Only the lines from the one containing "Traditional African Wild" through the end of the data below are to be repeated, exactly as given, without pictures.

**Information shown**
=== Section Start ===

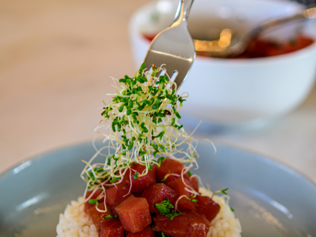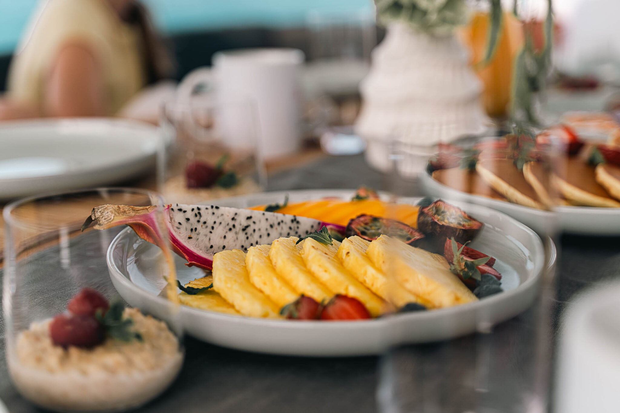 Break your fast on fruit platters, eggs, freshly baked bread and pastries, fruit juices, coffee, matcha lattes, and teas.
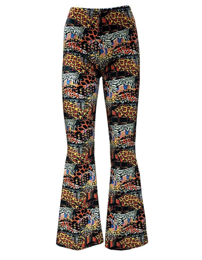 Traditional African Wild Animal Velvet Velour Flare Bell Leggings
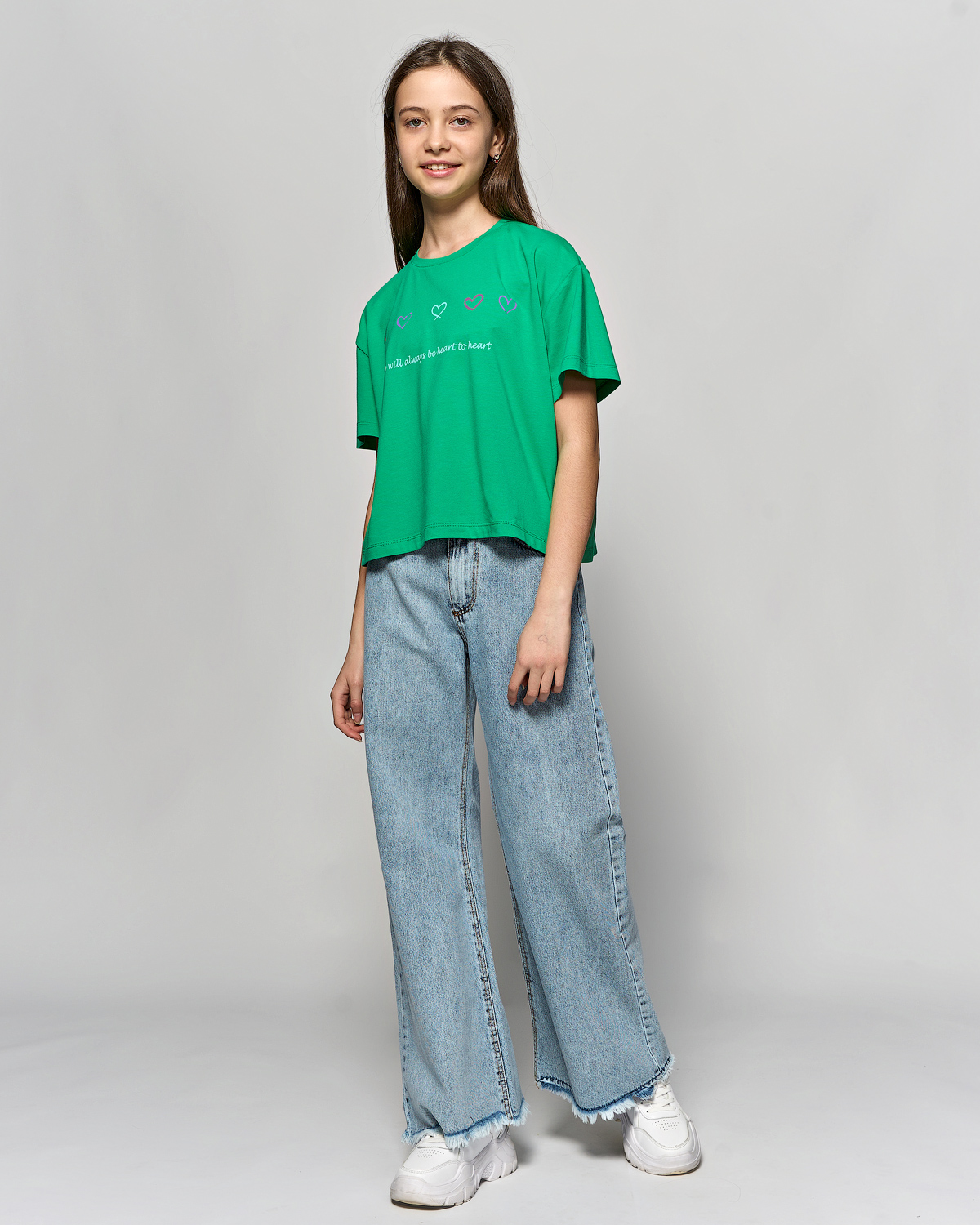 Футболка Cegisa для девочки оптом выполнена из высококачественного трикотажа. Фасон футболки прямой, укороченный, на груди стильный принт.
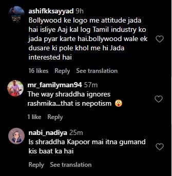 एका नेटकऱ्यानं लिहीलं आहे की, “बॉलीवूडमधील लोकांचा जास्त अहंकार आहे. त्यामुळे आजकाल लोक दाक्षिणात्य सिनेसृष्टीवर जास्त प्रेम करत आहेत. बॉलीवूडमधील लोकांना एकमेकांची पोलखोल करण्यात जास्त रस आहे.” तर दुसऱ्या नेटकऱ्यानं लिहीलं आहे की, “श्रद्धाने ज्याप्रकारे रश्मिकाला दुर्लक्ष केलं ते म्हणजे एकप्रकारे नेपोटिझम आहे.” तर तिसऱ्या नेटकऱ्यानं लिहीलं आहे की, “या श्रद्धा कपूरमध्ये एवढा अहंकार कसला आहे?”

=== Section End ===

**Response area**
 Traditional African Wild Animal Velvet Velour Flare Bell Leggings
 Футболка Cegisa для девочки оптом выполнена из высококачественного трикотажа. Фасон футболки прямой, укороченный, на груди стильный принт.
 एका नेटकऱ्यानं लिहीलं आहे की, “बॉलीवूडमधील लोकांचा जास्त अहंकार आहे. त्यामुळे आजकाल लोक दाक्षिणात्य सिनेसृष्टीवर जास्त प्रेम करत आहेत. बॉलीवूडमधील लोकांना एकमेकांची पोलखोल करण्यात जास्त रस आहे.” तर दुसऱ्या नेटकऱ्यानं लिहीलं आहे की, “श्रद्धाने ज्याप्रकारे रश्मिकाला दुर्लक्ष केलं ते म्हणजे एकप्रकारे नेपोटिझम आहे.” तर तिसऱ्या नेटकऱ्यानं लिहीलं आहे की, “या श्रद्धा कपूरमध्ये एवढा अहंकार कसला आहे?”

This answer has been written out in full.